Supplied material -
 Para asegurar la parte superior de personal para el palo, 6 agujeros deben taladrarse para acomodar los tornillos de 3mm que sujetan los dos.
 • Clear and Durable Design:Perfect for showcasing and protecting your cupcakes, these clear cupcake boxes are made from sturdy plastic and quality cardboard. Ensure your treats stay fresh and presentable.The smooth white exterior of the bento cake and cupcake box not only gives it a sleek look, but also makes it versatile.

...

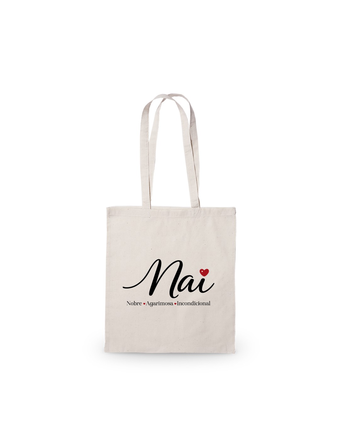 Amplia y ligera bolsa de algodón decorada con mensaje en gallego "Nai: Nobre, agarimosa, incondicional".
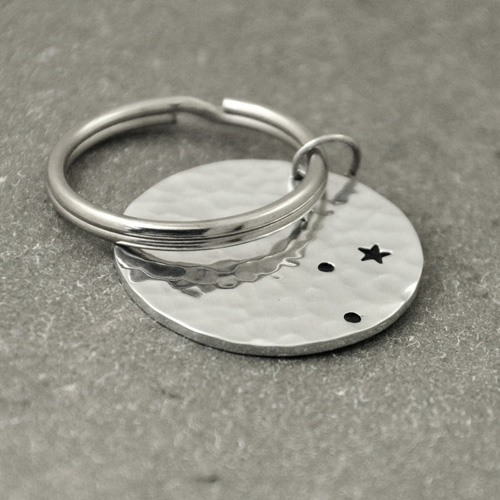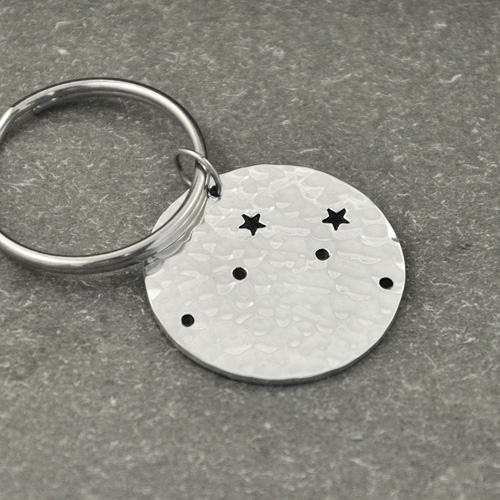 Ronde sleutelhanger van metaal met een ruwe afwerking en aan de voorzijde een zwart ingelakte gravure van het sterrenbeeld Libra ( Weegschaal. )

What to work on -
Find where the line with "Amplia y ligera" sits in the material above and where the line with "Ronde sleutelhanger van" sits. Set down exactly the lines from the first to the second, both included and nothing else, without pictures.

Output of the exercise -
 Amplia y ligera bolsa de algodón decorada con mensaje en gallego "Nai: Nobre, agarimosa, incondicional".
 Ronde sleutelhanger van metaal met een ruwe afwerking en aan de voorzijde een zwart ingelakte gravure van het sterrenbeeld Libra ( Weegschaal. )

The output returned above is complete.